There are three main eras in which CoC Scenarios are set. The
1890s, the Present, and my favourite and the original one: the
1920s. Most of Lovecraft’s tales are set in the roaring
20s and the 1930s, and the period has an aura of mystery that
is worth trying. Gangsters roam the streets, filling the speakeasies
with illegal liquors, secret societies flourish and dabble with
things that were not meant to be known, and people are just thrilled
to be alive because they have survived the Great War. But fear
exists not only on the trench…
COC RPG gives you the opportunity to explore the world as H.P.
Lovecraft perceived it, and to play a different kind of character.
One that does not have the “Kill Everything in My Path”
skill at a 150%, but that has high “Spot Hidden” (detect
stuff that is not plain to see) and “Library Use”

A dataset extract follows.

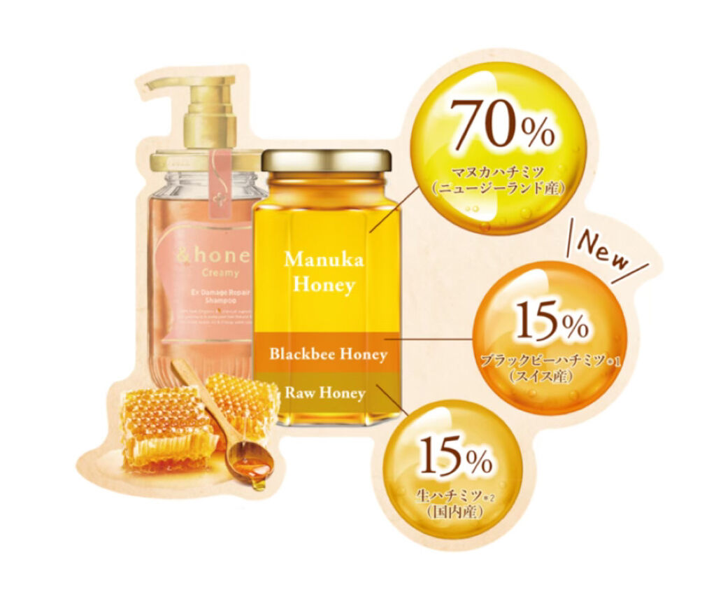 - <シャンプー 増量 385ml> 水、ラウラミドプロピルベタイン、オレフィン(C14-16)スルホン酸Na、ココイルメチルタウリンNa、グリセリン、コカミドメチルMEA、ラウロイルメチルアラニンNa、ハチミツ、ハチミツエキス、加水分解ハチミツタンパク、アルガニアスピノサ核油、シア脂グリセレス-8エステルズ、加水分解コラーゲンPGプロピルメチルシランジオール、ケラチン(羊毛)、リンゴ酸ジイソステアリル、ポリクオタニウム-61、ローヤルゼリーエキス、プロポリスエキス、セレブロシド、ローヤルゼリー、カルボキシメチルヒアルロン酸Na、ザイモモナス培養エキス、ヨーロッパキイチゴ種子油、ポリクオタニウム-47、PPG-7、EDTA-2Na、ヤシ油アルキルグルコシド、ポリクオタニウム-10、塩化Na、キサンタンガム、メントール、水酸化K、メトキシケイヒ酸エチルヘキシル、ジエチルアミノヒドロキシベンゾイル安息香酸ヘキシル、エタノール、安息香酸Na、黄4、赤227、紫401、クエン酸、BG、フェノキシエタノール、香料 <シャンプー本体450ml> 水、ラウラミドプロピルベタイン、オレフィン(C14-16)スルホン酸Na、ココイルメチルタウリンNa、グリセリン、コカミドメチルMEA、ラウロイルメチルアラニンNa、ハチミツ、ハチミツエキス、加水分解ハチミツタンパク、アルガニアスピノサ核油、シア脂グリセレス-8エステルズ、加水分解コラーゲンPGプロピルメチルシランジオール、ケラチン(羊毛)、リンゴ酸ジイソステアリル、ポリクオタニウム-61、ローヤルゼリーエキス、プロポリスエキス、セレブロシド、ローヤルゼリー、カルボキシメチルヒアルロン酸Na、ザイモモナス培養エキス、ヨーロッパキイチゴ種子油、ポリクオタニウム-47、PPG-7、EDTA-2Na、ヤシ油アルキルグルコシド、ポリクオタニウム-10、塩化Na、キサンタンガム、メントール、水酸化K、メトキシケイヒ酸エチルヘキシル、ジエチルアミノヒドロキシベンゾイル安息香酸ヘキシル、エタノール、安息香酸Na、黄4、赤227、紫401、クエン酸、BG、フェノキシエタノール、香料 <ヘアトリートメント本体450g> 水、セタノール、ベヘントリモニウムクロリド、ステアリルアルコール、グリセリン、アモジメチコン、トリエチルヘキサノイン、ハチミツ、ハチミツエキス、加水分解ハチミツタンパク、アルガニアスピノサ核油、加水分解コラーゲンPGプロピルメチルシランジオール、ケラチン(羊毛)、リンゴ酸ジイソステアリル、ポリクオタニウム-61、ローヤルゼリー、ローヤルゼリーエキス、プロポリスエキス、セレブロシド、カルボキシメチルヒアルロン酸Na、ザイモモナス培養エキス、クロフサスグリ種子油、ヒマワリ種子油、ローズマリー葉エキス、フウセンカズラ花/葉/つるエキス、ヒマワリ種子油不けん化物、キサンタンガム、ヒドロキシエチルセルロース、メトキシケイヒ酸エチルヘキシル、ジエチルアミノヒドロキシベンゾイル安息香酸ヘキシル、クエン酸、クエン酸Na、トコフェロール、オクチルドデカノール、ヤシ油アルキルグルコシド、アミノプロピルジメチコン、ジメチコン、カラメル、イソプロパノール、エタノール、BG、フェノキシエタノール、香料 <シャンプー(詰替)350ml> 水、ラウラミドプロピルベタイン、オレフィン(C14-16)スルホン酸Na、ココイルメチルタウリンNa、グリセリン、コカミドメチルMEA、ラウロイルメチルアラニンNa、ハチミツ、ハチミツエキス、加水分解ハチミツタンパク、アルガニアスピノサ核油、シア脂グリセレス-8エステルズ、加水分解コラーゲンPGプロピルメチルシランジオール、ケラチン(羊毛)、リンゴ酸ジイソステアリル、ポリクオタニウム-61、ローヤルゼリーエキス、プロポリスエキス、セレブロシド、ローヤルゼリー、カルボキシメチルヒアルロン酸Na、ザイモモナス培養エキス、ヨーロッパキイチゴ種子油、ポリクオタニウム-47、PPG-7、EDTA-2Na、ヤシ油アルキルグルコシド、ポリクオタニウム-10、塩化Na、キサンタンガム、メントール、水酸化K、メトキシケイヒ酸エチルヘキシル、ジエチルアミノヒドロキシベンゾイル安息香酸ヘキシル、エタノール、安息香酸Na、黄4、赤227、紫401、クエン酸、BG、フェノキシエタノール、香料 <ヘアトリートメント(詰替)350g> 水、セタノール、ベヘントリモニウムクロリド、ステアリルアルコール、グリセリン、アモジメチコン、トリエチルヘキサノイン、ハチミツ、ハチミツエキス、加水分解ハチミツタンパク、アルガニアスピノサ核油、加水分解コラーゲンPGプロピルメチルシランジオール、ケラチン(羊毛)、リンゴ酸ジイソステアリル、ポリクオタニウム-61、ローヤルゼリー、ローヤルゼリーエキス、プロポリスエキス、セレブロシド、カルボキシメチルヒアルロン酸Na、ザイモモナス培養エキス、クロフサスグリ種子油、ヒマワリ種子油、ローズマリー葉エキス、フウセンカズラ花/葉/つるエキス、ヒマワリ種子油不けん化物、キサンタンガム、ヒドロキシエチルセルロース、メトキシケイヒ酸エチルヘキシル

(find ‘that’ particular tome you are looking for among
thousands of books). One that does not carry home thousands of
coins of looted gold, but a pack of rare books with rarer titles
yet, such as “Necronomicon”, “De Vermiis Mysteriis”,
“Unaussprechlichen Kulten” or “The Book of Dzyan”.
One that is not a heartless thug that kills by the hundreds, but
a quiet college professor that will cry, faint or run when confronted
to a monster… or turn into a babbling, catatonic human statue.
That is the essence of Call of Cthulhu. That is, in my humble
opinion, the essence of true horror. To be faced with something
you’re not prepared for. Not more, not less. After twenty
years and more than five major editions, Chaosium has published
dozens of sourcebooks for Call of Cthulhu, some of them have even
earned them prizes, but the heart of the game has remained the
same. And it’s one of those RPGs that don’t require
you to buy all the sourcebooks to start to play them. It’s
a great buy, and you will love it for ever… just like me…
just like hundreds or thousands of other fans…
"That is not dead which can eternally lie, and with strange
æons, even death may die", Abdul Alhazred, a.k.a. Abd
Al-Azrad, the mad arab that wrote the Kitab Al-Azif, a.k.a Necronomicon.